Considering the definition of a LHS sampling, introduced in Introduction and also discussed in Introduction, it is clear that permutating a coordinate of two different points, will create a new sampling. The idea here is to use this already discussed property to create fulfill requested constraints on the design-of-experiments to be produced. Practically, the constraint will have one main limitation: it should only imply two variables. This limitation is set, so far, for simplicity purpose, as the constraint matrix might blow up and the solutions in term of permutation will also become very complicated (see the heuristic description below in The heuristic to get a glimpse at the possible complexity).

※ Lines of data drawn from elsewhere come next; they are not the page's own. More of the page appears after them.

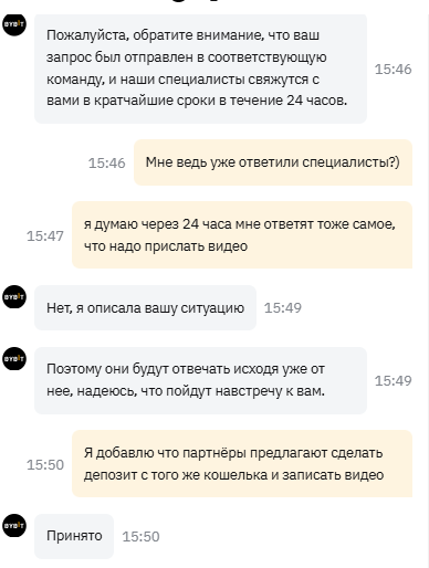 следующим сообщением они напишут, что извинятся и передают вопрос специальной команде, пропадут на месяц, и снова попросят записать видео транзакции...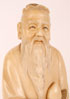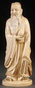 A FINE JAPANESE CARVED IVORY OKIMONO, MEIJI PERIOD. Of a lohan with peach in right hand, the garments finely textured and with a tea stained finish. The base with inlaid red lacquer seal. Height 8.5 inches (21.5 cm).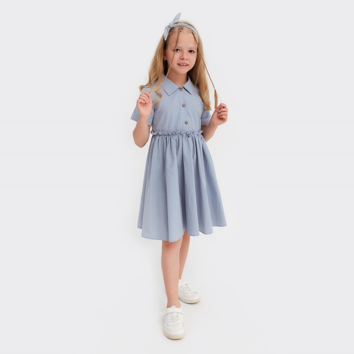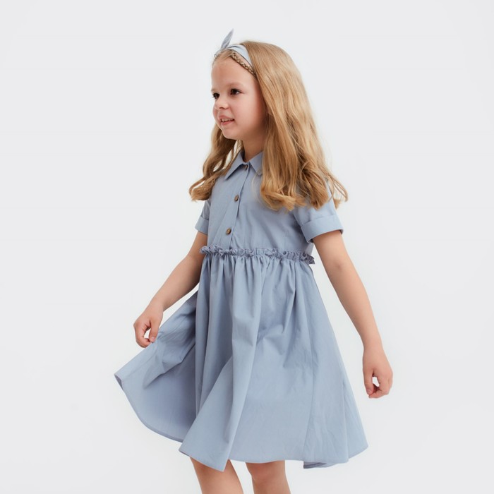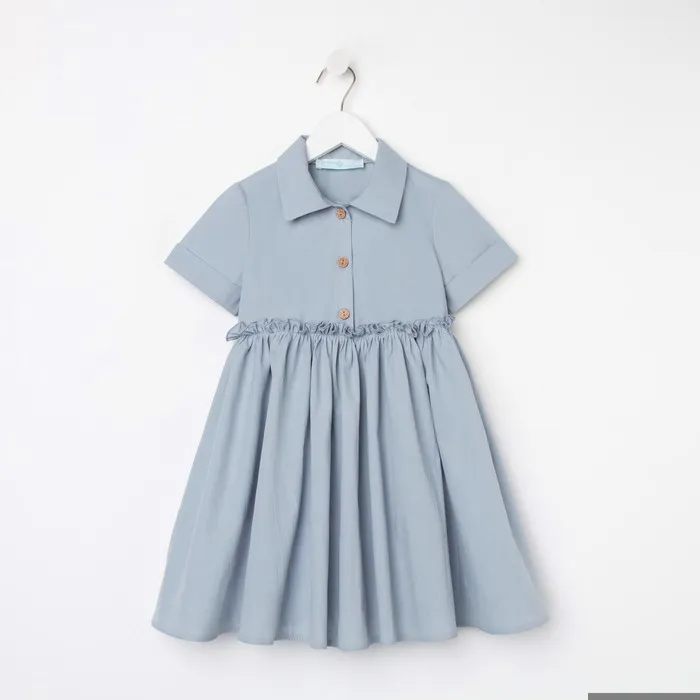 Платье для девочки с воротником KAFTAN, размер 32 (110-116 см), серо-голубое — Характеристики

Before this algorithm, the solution to be sure to fulfill a constraint was to generate a large sample and apply the constraint as a cut, meaning that no control on the final number of locations in the design-of-experiments and on the marginal distribution shape was possible. From a theoretical perspective, using a constrained LHS is allowing both to have the correct expected marginal distributions and to have precisely the requested number of locations to be submitted to a code or function. This is shown in Figure 3.5, where in a simple case with only three variables uniformly distributed, it is possible to apply three linear constraints: two of them are applied on the \((x_0, x_1)\) plane while the last one is applied on the \((x_1, x_2)\) one.

Figure 3.5 Matrix of distribution of three uniformly distributed variables on which three linear constraints are applied. The diagonal are the marginal distributions while the off-diagonal are the two-by-two scatter plots.